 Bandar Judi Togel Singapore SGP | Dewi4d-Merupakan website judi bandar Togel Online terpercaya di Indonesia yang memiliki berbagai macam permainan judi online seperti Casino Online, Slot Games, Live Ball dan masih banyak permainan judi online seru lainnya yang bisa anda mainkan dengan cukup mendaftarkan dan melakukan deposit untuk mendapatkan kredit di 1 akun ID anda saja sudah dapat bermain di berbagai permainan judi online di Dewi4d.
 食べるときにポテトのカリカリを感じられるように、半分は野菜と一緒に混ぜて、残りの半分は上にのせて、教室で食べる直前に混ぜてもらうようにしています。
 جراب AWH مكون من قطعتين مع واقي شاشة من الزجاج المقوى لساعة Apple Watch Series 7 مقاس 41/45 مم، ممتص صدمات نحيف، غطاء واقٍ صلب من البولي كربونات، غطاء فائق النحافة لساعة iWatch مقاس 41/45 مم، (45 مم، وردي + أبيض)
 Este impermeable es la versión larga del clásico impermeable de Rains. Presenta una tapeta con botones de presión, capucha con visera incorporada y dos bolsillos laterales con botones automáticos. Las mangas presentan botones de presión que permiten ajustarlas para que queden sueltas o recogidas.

┄┄┄┄┄┄┄┄┄┄┄┄┄┄┄┄┄┄┄┄

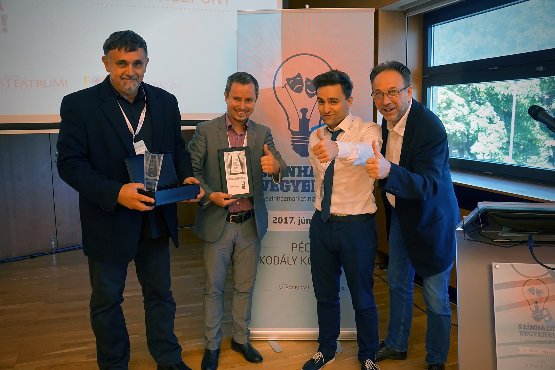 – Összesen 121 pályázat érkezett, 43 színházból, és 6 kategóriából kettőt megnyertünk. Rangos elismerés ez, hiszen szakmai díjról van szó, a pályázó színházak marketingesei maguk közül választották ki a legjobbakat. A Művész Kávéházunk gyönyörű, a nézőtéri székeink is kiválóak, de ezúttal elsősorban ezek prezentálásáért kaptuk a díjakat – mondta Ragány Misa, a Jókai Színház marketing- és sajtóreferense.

┄┄┄┄┄┄┄┄┄┄┄┄┄┄┄┄┄┄┄┄

Your goal:
Look above for the line holding "Bandar Judi Togel" and the line holding "Este impermeable es". Retype both, and every line between them, word for word and nothing else.

Result:
 Bandar Judi Togel Singapore SGP | Dewi4d-Merupakan website judi bandar Togel Online terpercaya di Indonesia yang memiliki berbagai macam permainan judi online seperti Casino Online, Slot Games, Live Ball dan masih banyak permainan judi online seru lainnya yang bisa anda mainkan dengan cukup mendaftarkan dan melakukan deposit untuk mendapatkan kredit di 1 akun ID anda saja sudah dapat bermain di berbagai permainan judi online di Dewi4d.
 食べるときにポテトのカリカリを感じられるように、半分は野菜と一緒に混ぜて、残りの半分は上にのせて、教室で食べる直前に混ぜてもらうようにしています。
 جراب AWH مكون من قطعتين مع واقي شاشة من الزجاج المقوى لساعة Apple Watch Series 7 مقاس 41/45 مم، ممتص صدمات نحيف، غطاء واقٍ صلب من البولي كربونات، غطاء فائق النحافة لساعة iWatch مقاس 41/45 مم، (45 مم، وردي + أبيض)
 Este impermeable es la versión larga del clásico impermeable de Rains. Presenta una tapeta con botones de presión, capucha con visera incorporada y dos bolsillos laterales con botones automáticos. Las mangas presentan botones de presión que permiten ajustarlas para que queden sueltas o recogidas.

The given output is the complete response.